Только последователи идей М. А. Бакунина, стремившиеся внедрить на российской почве идеи анархизма, рассматривали народ как изначально активного субъекта исторического процесса. Однако и в этом случае ему придавалась миссия разрушителя определенного экономического и политического уклада. Также предполагалось, что кто-либо из обладающих соответствующими знаниями и харизматическими качествами будет направлять стихию народного поведения в определенном направлении и только после логического завершения этого движения отпадет необходимость в наличии государства как носителя административной функции. Впрочем, анархизм, сформировавшийся в качестве политического учения на фоне разочарования итогами западноевропейских социальных революций 1848-1849 годов, не был воспринят в качестве реально применимой идеологии и в России. Таких шансов на получение популярности у субъектов политики у него не было ни в период кризиса государственности, нараставшего вплоть до Октябрьской революции 1917 года и Гражданской войны, ни тем более в 1920-е годы, когда система административного управления обществом стала вновь выстраиваться по вполне естественным причинам.

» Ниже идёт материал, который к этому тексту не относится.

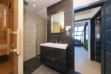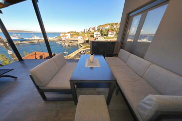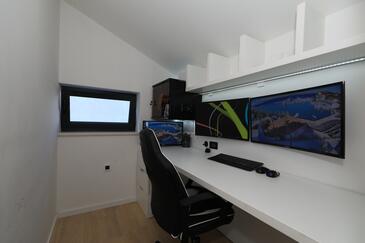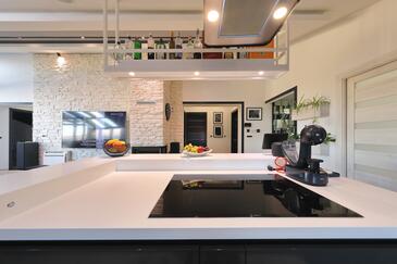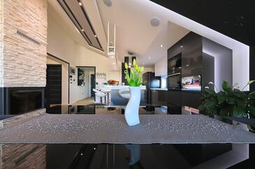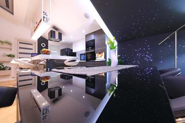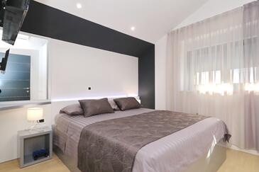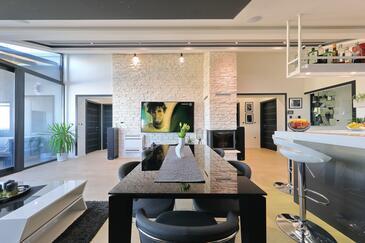 Ferienwohnung bietet Platz für 6 Gäste. Die Betten sind in Schlafzimmern, die es 3 gibt, innerhalb einer Gesamtfläche von 100m2, angeordnet. Die Gäste haben eine eigene Terrasse zur Verfügung, auf der sie in warmen Sommernächten genießen können. Das Apartment bietet Meerblick.

Предметом дискуссий в 1920-е годы был не вопрос о том, нуждается ли российское общество в политическом руководстве для достижения обозначенных целей построения социализма, а определение способов и стратегии осуществления такого руководства. До тех пор, пока определившийся в качестве государственного лидера И.В. Сталин не высказал своего определенного и по историко-цивилизационной традиции массово поддержанного мнения на этот счет, данные дискуссии продолжались.

Факт их наличия после выступлений И.В. Сталина на массовых партийных и политических мероприятиях конца 1920-х годов, а также направления им инструктивного по своей сути письма в редакцию журнала «Пролетарская революция» и последовавших за этим событий в организации научных исследований обычно затушевывался в историографии. В любом случае, даже при предельном интеллектуальном либерализме исследователей отмечалась малая существенность их содержания по сравнению с вырабатывавшейся генеральной идеологией большевистской партии.

Поэтому в условиях «холодной войны» зарубежные историки, не испытывавшие симпатии к Советскому Союзу и его политическому выбору, периодически напоминали о неоднозначности формировавшихся и формулировавшихся в 1920-е годы в недрах российской политической системы концептуальных представлений и о прошлом, и о будущем пути развития страны. Лидерами среди этих ученых, авторитет которых признается и в настоящее время, были Р. Пайпс и С. Коэн. В отечественной историографии внимание к этим дискуссиям возникло во второй половине 1980-х годов и было обусловлено, на наш взгляд, научно-исследовательскими причинами далеко не в первую очередь.

Особенности капиталистического развития России начала XX века в историографических дискуссиях второй половины 1920-х - первой половины 1930-х годов

В середине 1920-х годов советские историки сосредоточили свои усилия на формировании фактического обоснования ленинской концепции экономического развития России. Эта деятельность была обусловлена целым рядом конкретных причин.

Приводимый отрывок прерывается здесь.